In my current position, I am pretty much limited to samtools, but if there is a way to do this using GATK/Plink I’m all ears - just might need some assistance in downloading/installing. I’ve been tasked to annotate a 30x WGS human .bam with all dbSNP calls (including non-variants). I have generated an uncompressed .bcf using bcftools mpileup using the assembly I believe it was aligned to (GRch38.p14 (hg38)). I then used bcftools call:
bcftools call -c -Oz -o <called_file.vcf.gz> <inputfile.bcf>
I am having an issue annotating/adding the dbSNP rsid column. I have used a number of bcftools annotate functions, but they turn into dots near the end of chr1. Both files have been indexed. The command I'm using is:
bcftools annotate -a <reference .vcf.gz file> -c ID output <called_file.vcf.gz> -o <output_withrsIDs.vcf.gz>
I assume that the downloaded .vcf file (+index) doesn’t match.

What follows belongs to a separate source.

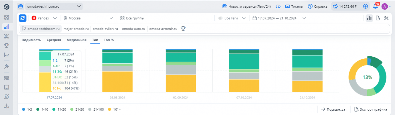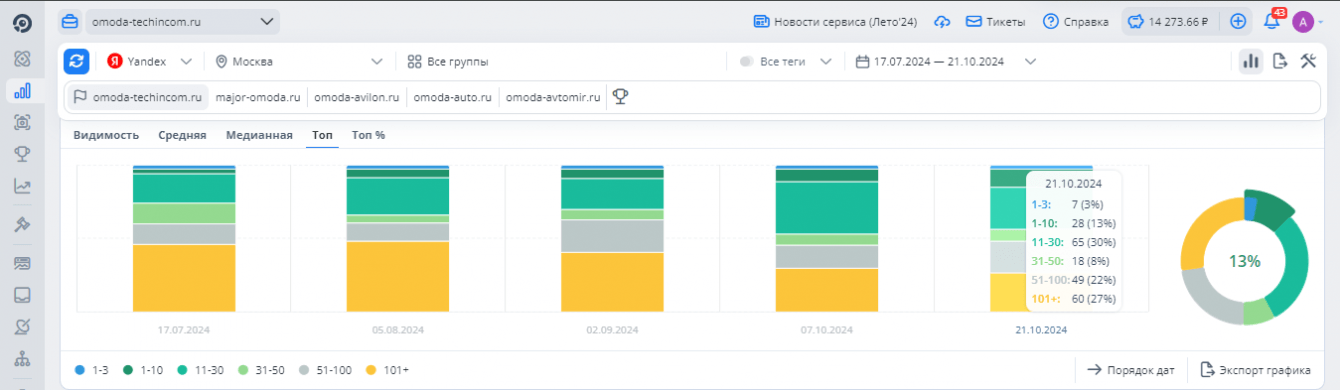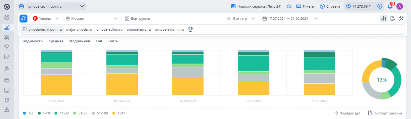 SEO-продвижение сайта на импортерской платформе. Повышение видимости по ключевым фразам в поисковой выдаче, увеличение органического трафика на сайт.

I am looking for a dbSNP vcf compatible with GRch38.p14 (hg38). I searched for a recent version (dbSNP155) but can only find big bed files.
Does anyone have a link / alternative name for a dbSNP dataset in VCF for download that is compatible with GRch38.p14 or can point me in the right direction to convert the big bed? My main field of research before was variant calling only, with in-house Bioinformatic support, so calling all SNPs has me a bit at sea!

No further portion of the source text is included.